Return the data below exactly, but only from the line containing "На 09.12.2019г., г-н" through the line containing "A beautiful symbol", with both of those lines included.

● Supplied data:
════════════════
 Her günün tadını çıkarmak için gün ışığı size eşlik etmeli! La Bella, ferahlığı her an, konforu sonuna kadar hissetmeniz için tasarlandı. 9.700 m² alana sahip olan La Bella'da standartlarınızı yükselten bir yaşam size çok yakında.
════════════════
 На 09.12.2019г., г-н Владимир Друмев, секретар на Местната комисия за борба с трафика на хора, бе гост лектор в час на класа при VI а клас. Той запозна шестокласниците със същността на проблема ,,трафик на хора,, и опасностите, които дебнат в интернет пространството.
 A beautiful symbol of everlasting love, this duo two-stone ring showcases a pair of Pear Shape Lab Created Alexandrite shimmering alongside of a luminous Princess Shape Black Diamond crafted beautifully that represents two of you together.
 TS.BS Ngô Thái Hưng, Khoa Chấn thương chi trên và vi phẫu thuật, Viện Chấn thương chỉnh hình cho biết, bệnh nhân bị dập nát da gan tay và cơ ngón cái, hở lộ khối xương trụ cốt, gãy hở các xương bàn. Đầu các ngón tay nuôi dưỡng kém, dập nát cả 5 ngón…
════════════════
● Completed task:
 На 09.12.2019г., г-н Владимир Друмев, секретар на Местната комисия за борба с трафика на хора, бе гост лектор в час на класа при VI а клас. Той запозна шестокласниците със същността на проблема ,,трафик на хора,, и опасностите, които дебнат в интернет пространството.
 A beautiful symbol of everlasting love, this duo two-stone ring showcases a pair of Pear Shape Lab Created Alexandrite shimmering alongside of a luminous Princess Shape Black Diamond crafted beautifully that represents two of you together.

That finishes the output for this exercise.